*** DATA Section Begins ***

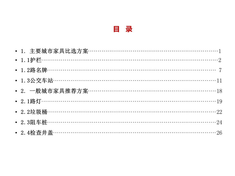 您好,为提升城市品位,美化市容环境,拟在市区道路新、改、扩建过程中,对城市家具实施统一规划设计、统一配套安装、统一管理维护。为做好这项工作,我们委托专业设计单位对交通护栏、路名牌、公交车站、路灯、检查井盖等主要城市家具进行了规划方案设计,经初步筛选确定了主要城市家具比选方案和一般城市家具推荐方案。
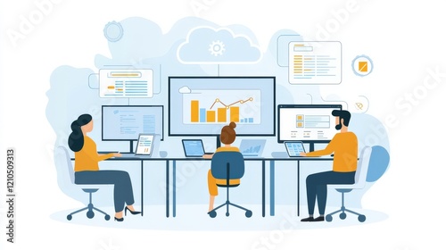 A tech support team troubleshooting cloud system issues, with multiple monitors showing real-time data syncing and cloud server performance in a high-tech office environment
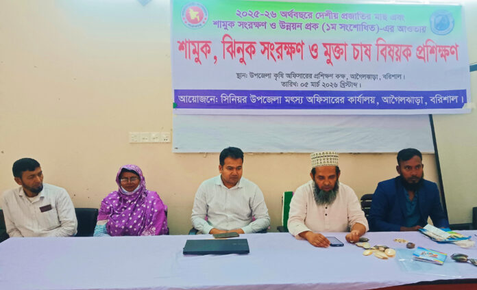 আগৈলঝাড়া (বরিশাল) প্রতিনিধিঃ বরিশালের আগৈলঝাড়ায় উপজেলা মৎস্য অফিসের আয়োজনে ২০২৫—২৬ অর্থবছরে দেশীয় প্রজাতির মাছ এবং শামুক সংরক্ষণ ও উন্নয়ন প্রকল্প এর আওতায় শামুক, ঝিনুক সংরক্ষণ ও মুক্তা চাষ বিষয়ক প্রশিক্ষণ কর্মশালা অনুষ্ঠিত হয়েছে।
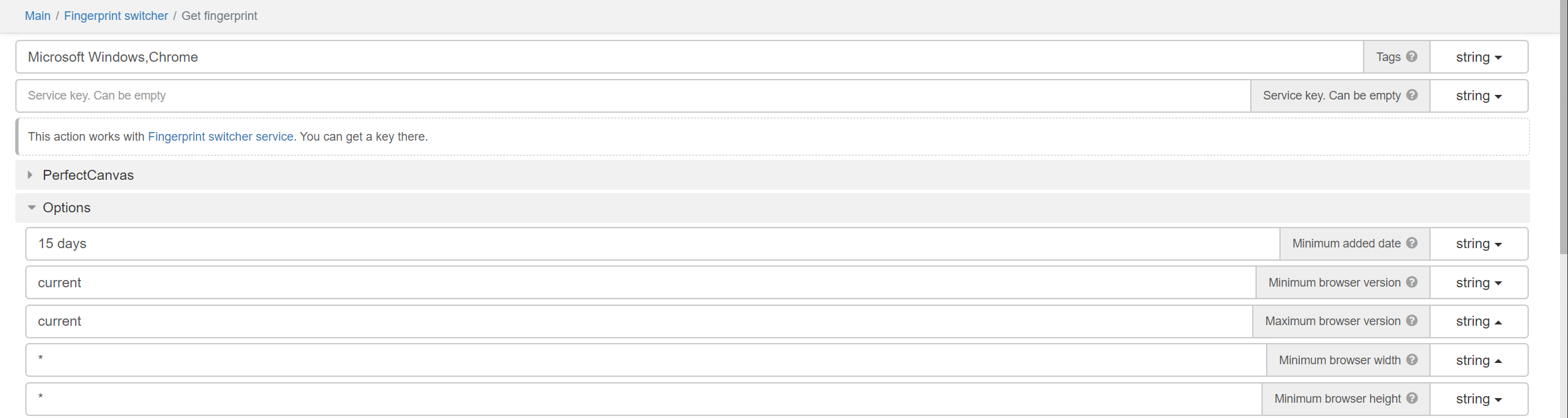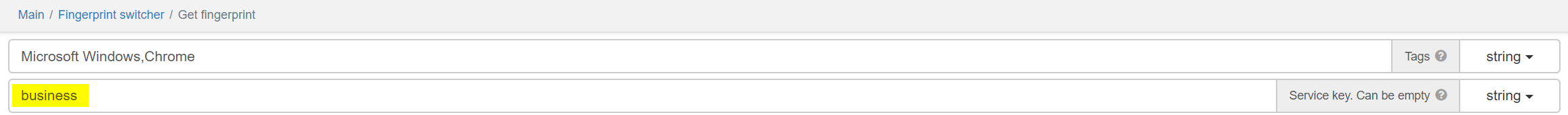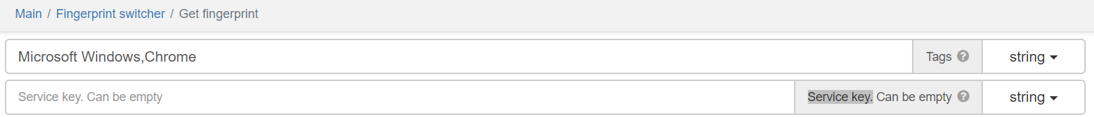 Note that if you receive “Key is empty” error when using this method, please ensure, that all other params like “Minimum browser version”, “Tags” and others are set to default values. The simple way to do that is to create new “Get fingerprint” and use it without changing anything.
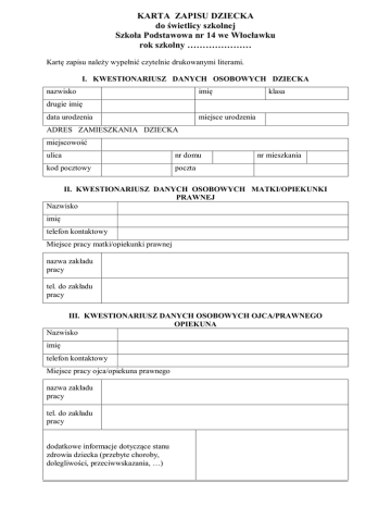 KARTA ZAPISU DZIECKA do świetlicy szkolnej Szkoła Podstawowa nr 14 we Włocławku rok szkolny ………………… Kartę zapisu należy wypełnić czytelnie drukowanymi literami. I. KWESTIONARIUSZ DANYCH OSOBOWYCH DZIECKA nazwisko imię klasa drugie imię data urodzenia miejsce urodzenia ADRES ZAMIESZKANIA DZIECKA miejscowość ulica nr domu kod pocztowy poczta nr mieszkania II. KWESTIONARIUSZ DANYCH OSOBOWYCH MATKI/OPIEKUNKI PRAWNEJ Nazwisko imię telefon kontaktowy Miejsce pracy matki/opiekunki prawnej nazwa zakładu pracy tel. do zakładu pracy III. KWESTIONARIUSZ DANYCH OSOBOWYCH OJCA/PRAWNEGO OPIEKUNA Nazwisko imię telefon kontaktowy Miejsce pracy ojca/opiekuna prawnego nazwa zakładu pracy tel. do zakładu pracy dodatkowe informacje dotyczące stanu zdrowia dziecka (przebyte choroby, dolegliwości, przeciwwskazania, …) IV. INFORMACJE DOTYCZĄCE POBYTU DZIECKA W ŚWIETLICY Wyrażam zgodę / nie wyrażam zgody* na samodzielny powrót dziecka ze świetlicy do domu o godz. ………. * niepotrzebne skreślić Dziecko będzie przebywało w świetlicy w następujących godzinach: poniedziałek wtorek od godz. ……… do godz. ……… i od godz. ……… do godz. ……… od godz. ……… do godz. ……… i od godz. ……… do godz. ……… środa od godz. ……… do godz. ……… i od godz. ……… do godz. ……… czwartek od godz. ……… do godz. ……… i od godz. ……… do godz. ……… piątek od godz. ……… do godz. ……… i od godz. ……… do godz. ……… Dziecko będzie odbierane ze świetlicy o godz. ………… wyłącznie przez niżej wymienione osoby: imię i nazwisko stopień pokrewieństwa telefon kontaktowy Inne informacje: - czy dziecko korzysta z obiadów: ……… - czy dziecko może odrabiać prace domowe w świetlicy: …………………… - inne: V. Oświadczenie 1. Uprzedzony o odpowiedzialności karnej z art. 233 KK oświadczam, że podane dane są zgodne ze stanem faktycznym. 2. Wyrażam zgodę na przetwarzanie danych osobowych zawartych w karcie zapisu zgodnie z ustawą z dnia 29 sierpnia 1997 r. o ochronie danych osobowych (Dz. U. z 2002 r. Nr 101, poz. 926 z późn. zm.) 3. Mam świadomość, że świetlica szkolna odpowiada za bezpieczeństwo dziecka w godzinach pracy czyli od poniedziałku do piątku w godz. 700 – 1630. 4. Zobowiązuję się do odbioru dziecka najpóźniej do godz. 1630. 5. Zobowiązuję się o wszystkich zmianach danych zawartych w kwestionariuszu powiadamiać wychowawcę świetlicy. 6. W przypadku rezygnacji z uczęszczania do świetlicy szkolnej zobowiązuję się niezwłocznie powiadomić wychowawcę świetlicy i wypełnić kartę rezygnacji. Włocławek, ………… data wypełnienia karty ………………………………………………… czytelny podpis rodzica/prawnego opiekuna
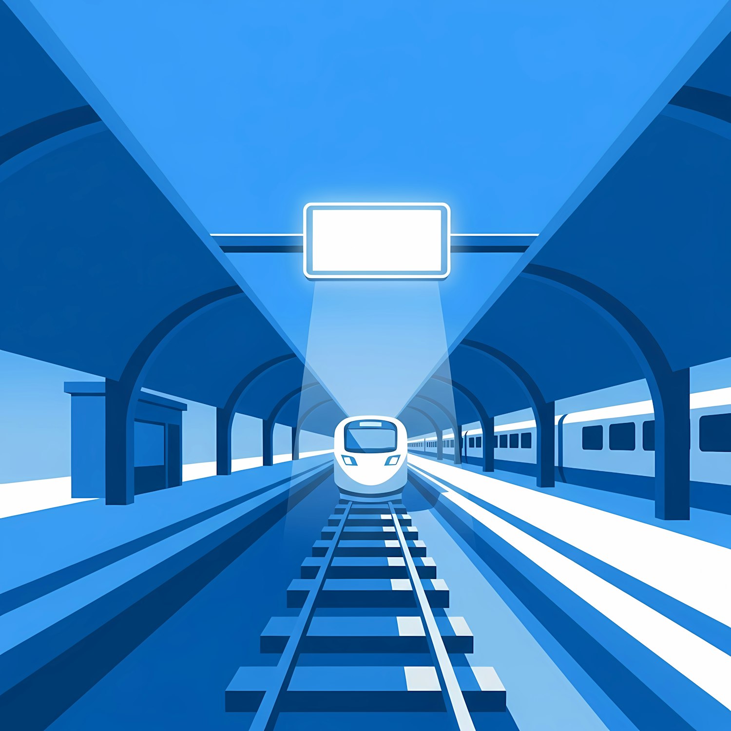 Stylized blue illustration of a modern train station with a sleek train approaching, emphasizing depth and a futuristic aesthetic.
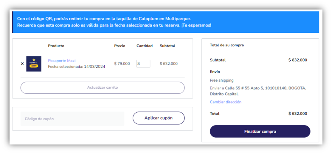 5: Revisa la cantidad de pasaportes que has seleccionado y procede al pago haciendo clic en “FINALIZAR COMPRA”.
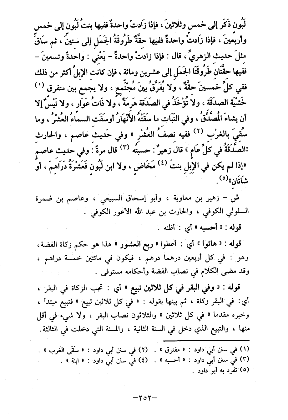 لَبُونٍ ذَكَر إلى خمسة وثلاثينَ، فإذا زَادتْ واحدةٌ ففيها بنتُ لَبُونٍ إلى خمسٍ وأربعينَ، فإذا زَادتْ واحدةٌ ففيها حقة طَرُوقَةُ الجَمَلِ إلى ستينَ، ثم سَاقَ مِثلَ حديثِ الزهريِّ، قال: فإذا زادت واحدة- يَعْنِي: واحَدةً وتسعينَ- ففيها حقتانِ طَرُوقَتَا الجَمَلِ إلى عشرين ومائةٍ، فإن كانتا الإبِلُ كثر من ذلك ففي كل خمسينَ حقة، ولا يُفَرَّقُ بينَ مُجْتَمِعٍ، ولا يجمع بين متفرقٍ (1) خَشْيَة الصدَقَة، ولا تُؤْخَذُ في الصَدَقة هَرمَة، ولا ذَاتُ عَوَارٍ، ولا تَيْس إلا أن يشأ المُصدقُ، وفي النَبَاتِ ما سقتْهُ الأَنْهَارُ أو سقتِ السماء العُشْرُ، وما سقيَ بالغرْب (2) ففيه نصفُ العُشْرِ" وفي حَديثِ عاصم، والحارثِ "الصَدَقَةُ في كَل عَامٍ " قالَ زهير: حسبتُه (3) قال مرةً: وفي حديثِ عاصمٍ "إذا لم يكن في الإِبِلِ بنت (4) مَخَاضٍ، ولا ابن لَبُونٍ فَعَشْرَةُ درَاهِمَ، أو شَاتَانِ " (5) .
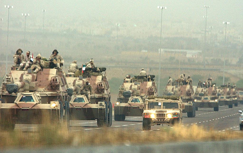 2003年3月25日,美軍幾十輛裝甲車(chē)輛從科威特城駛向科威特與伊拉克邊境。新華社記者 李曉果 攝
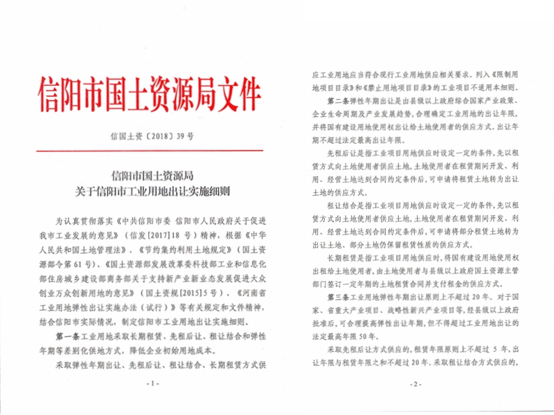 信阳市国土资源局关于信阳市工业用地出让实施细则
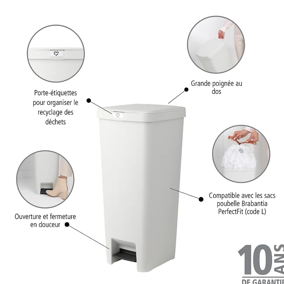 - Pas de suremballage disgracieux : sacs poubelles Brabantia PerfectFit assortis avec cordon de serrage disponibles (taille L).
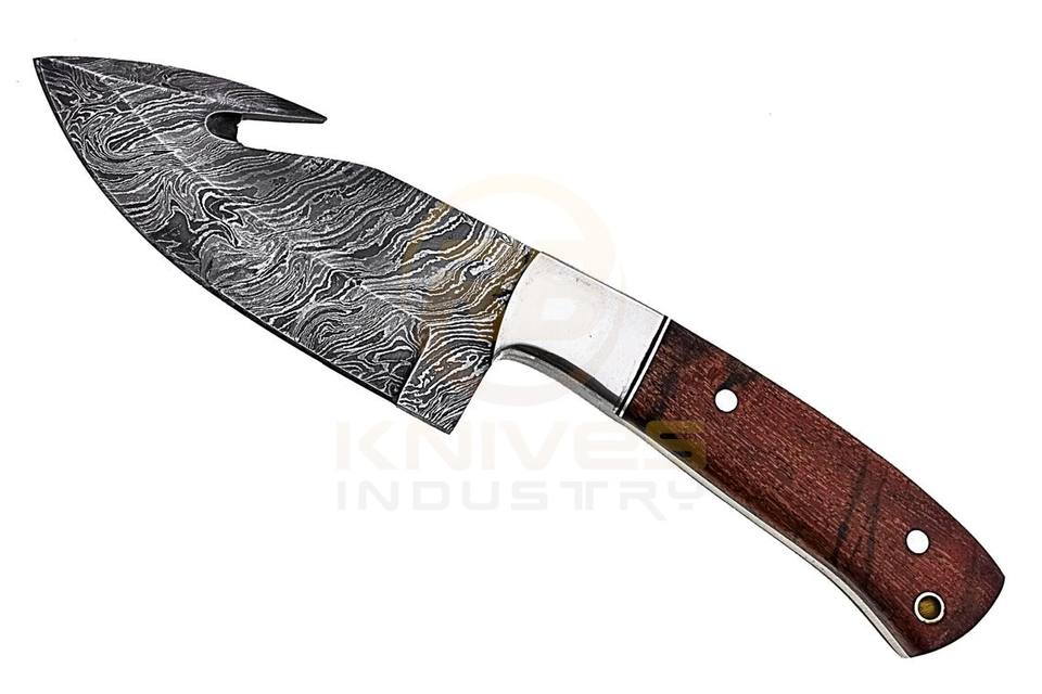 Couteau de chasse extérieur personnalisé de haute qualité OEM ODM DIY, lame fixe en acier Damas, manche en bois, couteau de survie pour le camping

*** DATA Section Ends ***

EXERCISE DETAILS: Give back exactly the lines from the opening of the listing through the line holding "আগৈলঝাড়া (বরিশাল) প্রতিনিধিঃ", both ends included, with every picture omitted.

THE COMPLETED TASK:
 您好,为提升城市品位,美化市容环境,拟在市区道路新、改、扩建过程中,对城市家具实施统一规划设计、统一配套安装、统一管理维护。为做好这项工作,我们委托专业设计单位对交通护栏、路名牌、公交车站、路灯、检查井盖等主要城市家具进行了规划方案设计,经初步筛选确定了主要城市家具比选方案和一般城市家具推荐方案。
 A tech support team troubleshooting cloud system issues, with multiple monitors showing real-time data syncing and cloud server performance in a high-tech office environment
 আগৈলঝাড়া (বরিশাল) প্রতিনিধিঃ বরিশালের আগৈলঝাড়ায় উপজেলা মৎস্য অফিসের আয়োজনে ২০২৫—২৬ অর্থবছরে দেশীয় প্রজাতির মাছ এবং শামুক সংরক্ষণ ও উন্নয়ন প্রকল্প এর আওতায় শামুক, ঝিনুক সংরক্ষণ ও মুক্তা চাষ বিষয়ক প্রশিক্ষণ কর্মশালা অনুষ্ঠিত হয়েছে।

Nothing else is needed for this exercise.